World Series of Poker
- Bracelet: None
- Final table: 1
- Money finishes: 4

World Poker Tour
- Title: None
- Final table: None
- Money finish: 1

= Danielle Andersen =

American poker player (born 1984)

Danielle Andersen (born May 21, 1984) is an American professional poker player previously sponsored by Ultimate Poker. Andersen's competitive nature led her to pick up the game after watching her future husband, and friends, play in college in 2003. Finding herself winning on a regular basis, she made a $50 deposit and never looked back.

Andersen's nickname is “dmoongirl.” She regularly played $25–$50 six-max cash games online, and at times participated in higher-stakes games, including $200–$400, prior to the events of Black Friday. She appeared as one of the featured players in the documentary “Bet Raise Fold,” which followed aspects of her life as a professional poker player alongside her roles as a wife and mother. The film contributed to increased recognition of her within the poker community.

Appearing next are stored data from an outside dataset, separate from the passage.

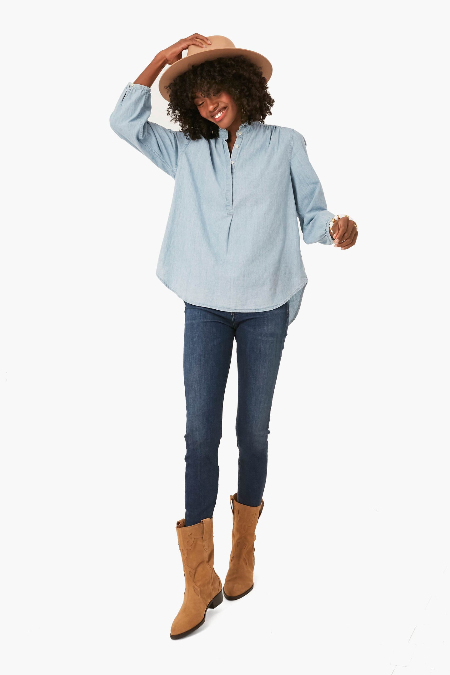 Effortless yet put-together, the Chambray Sara B Henley is a twist on the classic button-down. Feminine and casual, this top features a standup ruffle collar and a hidden button placket. Pair with denim and flats for work or brunch with friends.
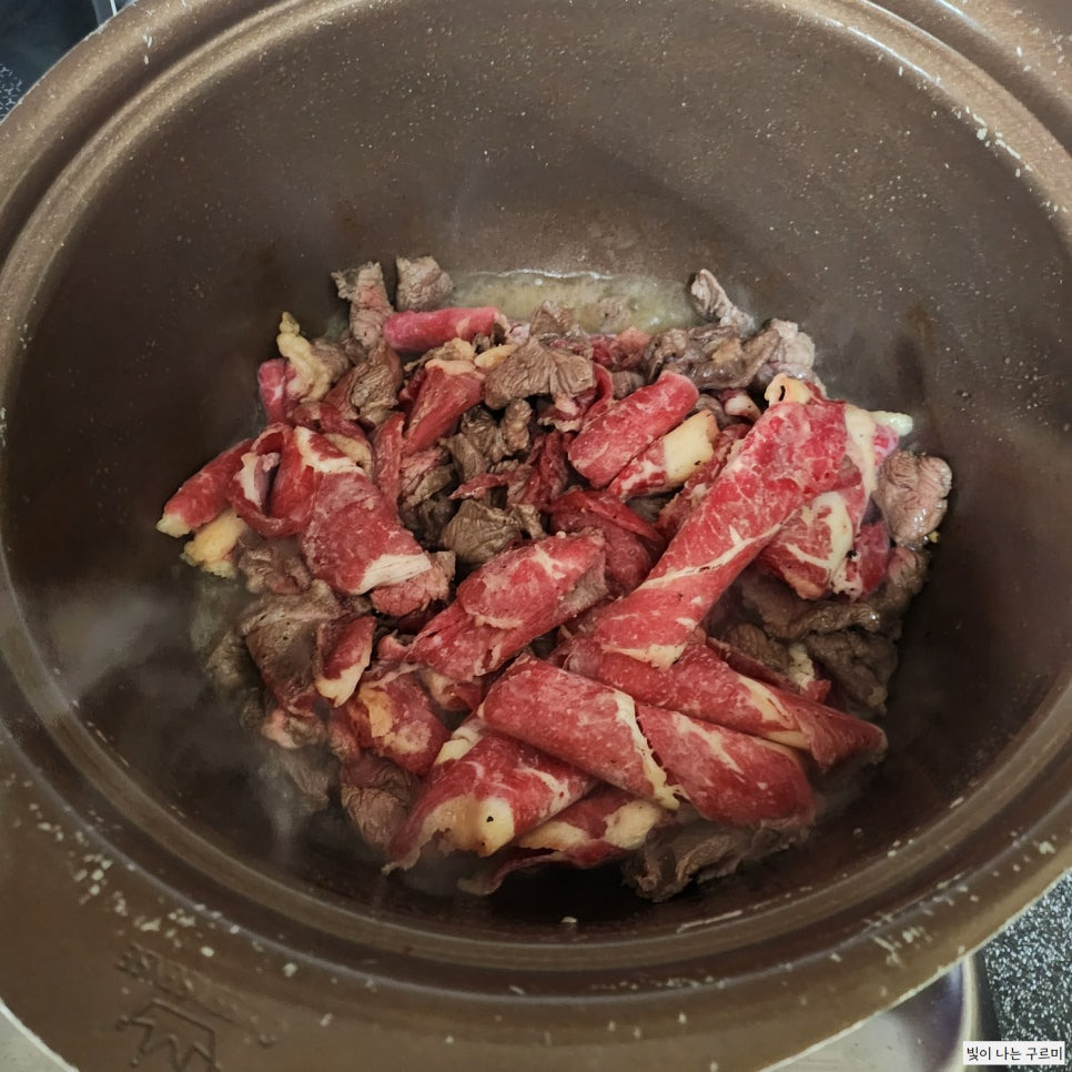 2.반쯤 익은 소고기에 잡내를 잡기 위해 맛술 1스푼 넣어주기
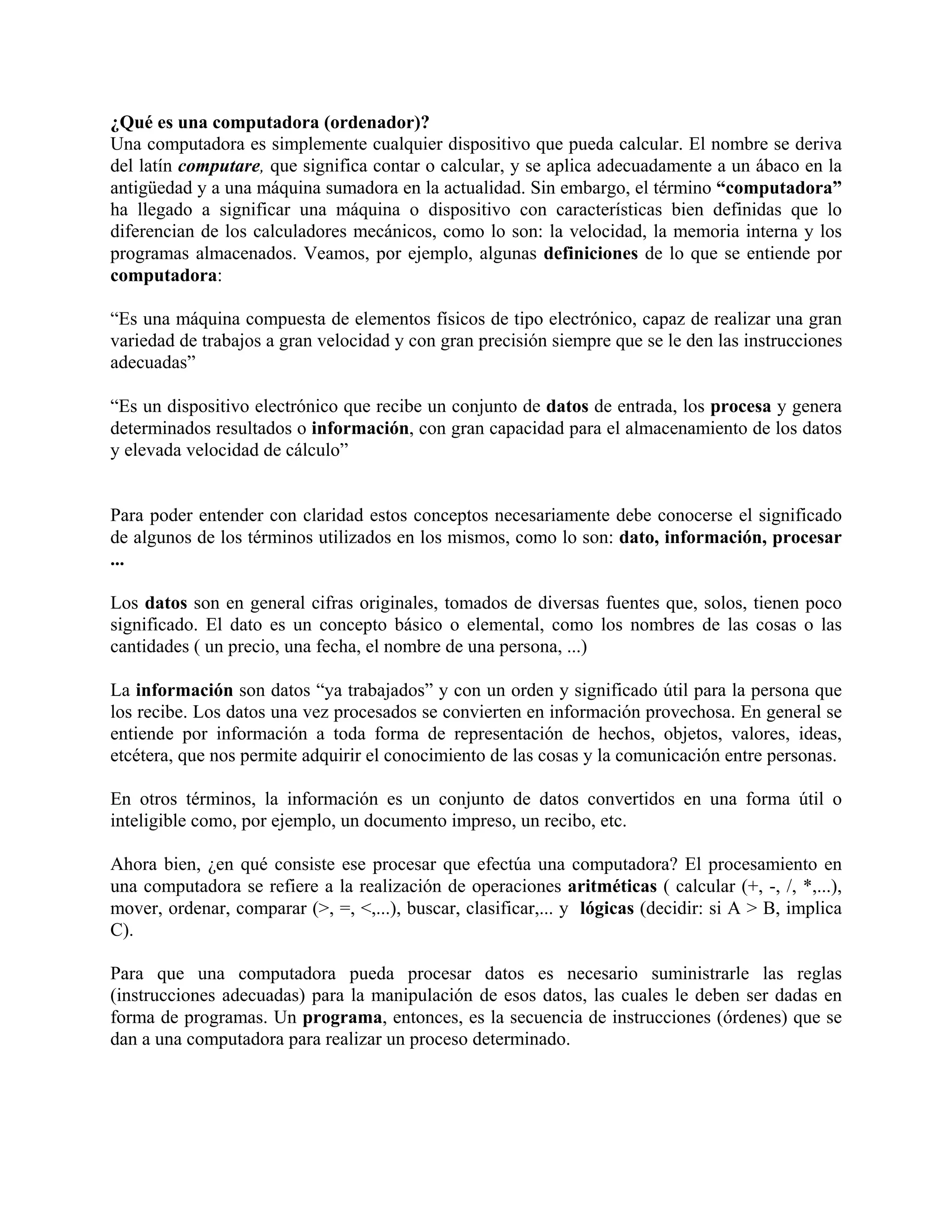 Este documento proporciona una breve introducción a los conceptos básicos de computación e informática. Define computadora como un dispositivo electrónico que procesa datos siguiendo instrucciones de programas para generar información. Explica que los datos se convierten en información útil una vez procesados y que los programas son secuencias de instrucciones dadas a la computadora. Además, distingue entre hardware, software y personal informático como los tres pilares de un sistema informático.
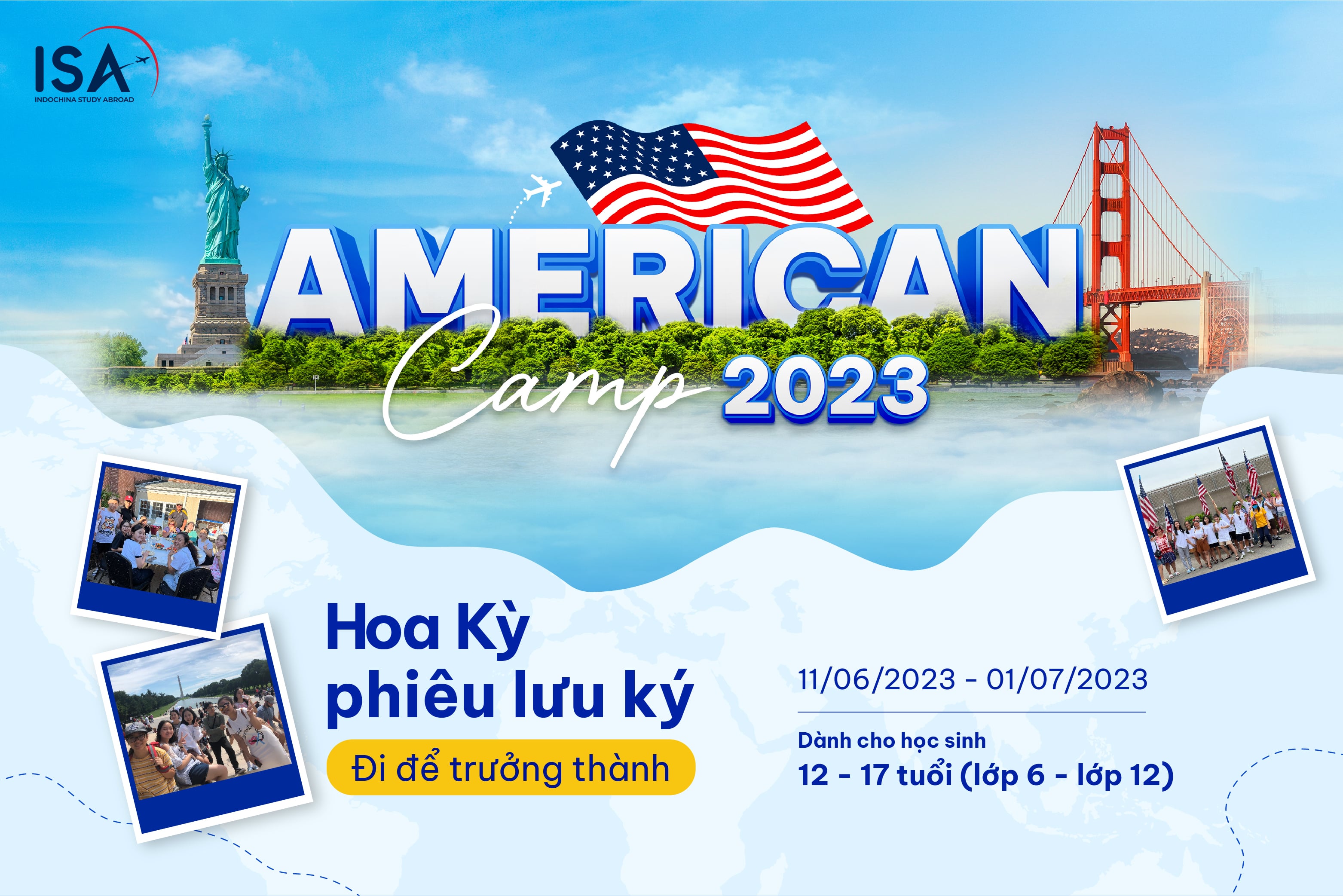 Thấu hiểu được điều đó, ISA chính thức tuyển sinh chương trình Du học hè Mỹ ngay từ hôm nay với tên gọi American Camp 2023. Chương trình hứa hẹn sẽ mang đến một chuyến trải nghiệm nước Mỹ “chất như nước cất” cho các bạn học sinh.

While Andersen is primarily a cash game player she has played in some WPT and WSOP events. Her live tournament earnings total $136,180

In compliment to her poker career, upon signing with Ultimate Poker "dmoongirl" took her experience in front of the camera and became the face of Ultimate Poker's web series, ME vs. U. In ME vs. U, Andersen competes against fellow Ultimate Poker pro, Dan O'Brien in challenges. The winner gets a reward and the loser is punished.

==Personal life==
Danielle Andersen was born and raised in Minnesota. In 2014, Andersen moved to Las Vegas, Nevada with her family to pursue her online poker career with the United States' first regulated online poker site, Ultimate Poker. Her early adult life was captured on film in the documentary "Bet Raise Fold." A film about the coming of age of online poker, Andersen's life story unfolded. She was born and raised in rural Minnesota where she lived with her husband, Kory, and son, Easton. She has been supporting her family with online poker since 2004. Bluff Magazine named her one of poker's "Leading Ladies." BET RAISE FOLD followed Danielle as she pursued her dreams of sponsorship in order to secure a better future for her family. Years after the documentary premiered, Andersen signed a sponsorship deal with Ultimate Poker.

==Poker==
Andersen has been playing poker since 2004 focusing mainly on Texas Hold'em cash games. Although online poker is her focus, Andersen also plays some live poker as well. During the summers, she can be found playing tournaments at the World Series of Poker as well as cash games.

Andersen is a frequent guest on the TV show Poker Night in America.